GIVEN MATERIAL:

-------------------------

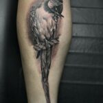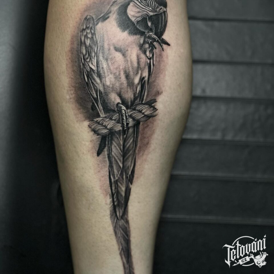 Tetování ptáci, papoušek na lýtku
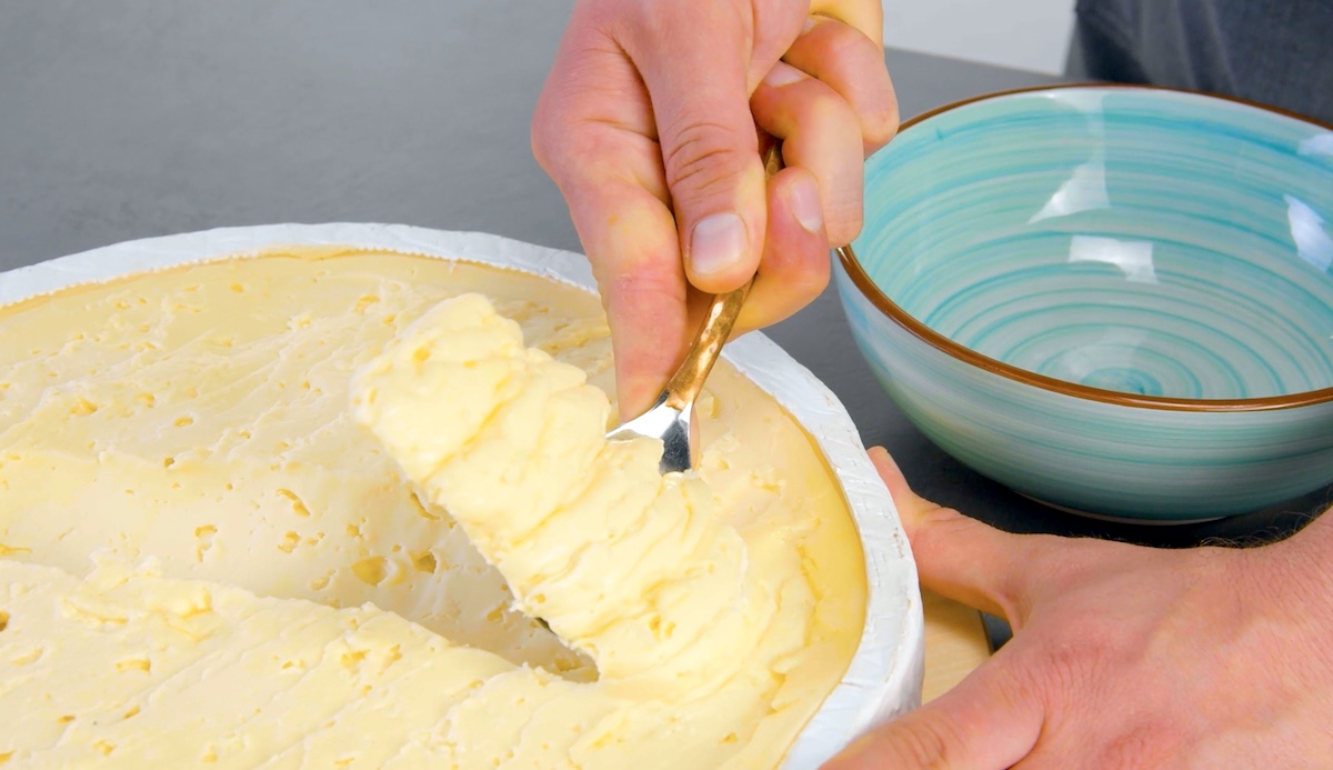 3. Höhle den Brie nun aus, hebe den Käse jedoch auf.
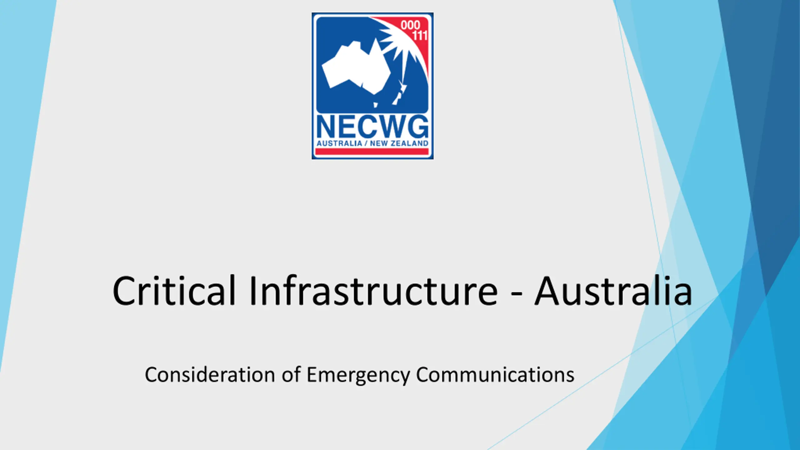 NECWG White Paper The NECWG has been preparing a White Paper for presentation to the new Minister for Communications. The paper embraces the establishment of the Triple Zero Custodian and places it at the centre of the improvement of the Triple Zero service with key recommendations of the white paper including: The establishment of national security guidelines for emergency communications o Assessment of the inclusion of the infrastructure of the Triple Zero ecosystem as critical infrastructure o The White Paper is to be released shortly.

-------------------------

GOAL OF THE EXERCISE:
Beginning with the line containing "3. Höhle den" and ending with the last line of the data, output those lines exactly and nothing more. Omit every picture.

WRITTEN RESPONSE:
 3. Höhle den Brie nun aus, hebe den Käse jedoch auf.
 NECWG White Paper The NECWG has been preparing a White Paper for presentation to the new Minister for Communications. The paper embraces the establishment of the Triple Zero Custodian and places it at the centre of the improvement of the Triple Zero service with key recommendations of the white paper including: The establishment of national security guidelines for emergency communications o Assessment of the inclusion of the infrastructure of the Triple Zero ecosystem as critical infrastructure o The White Paper is to be released shortly.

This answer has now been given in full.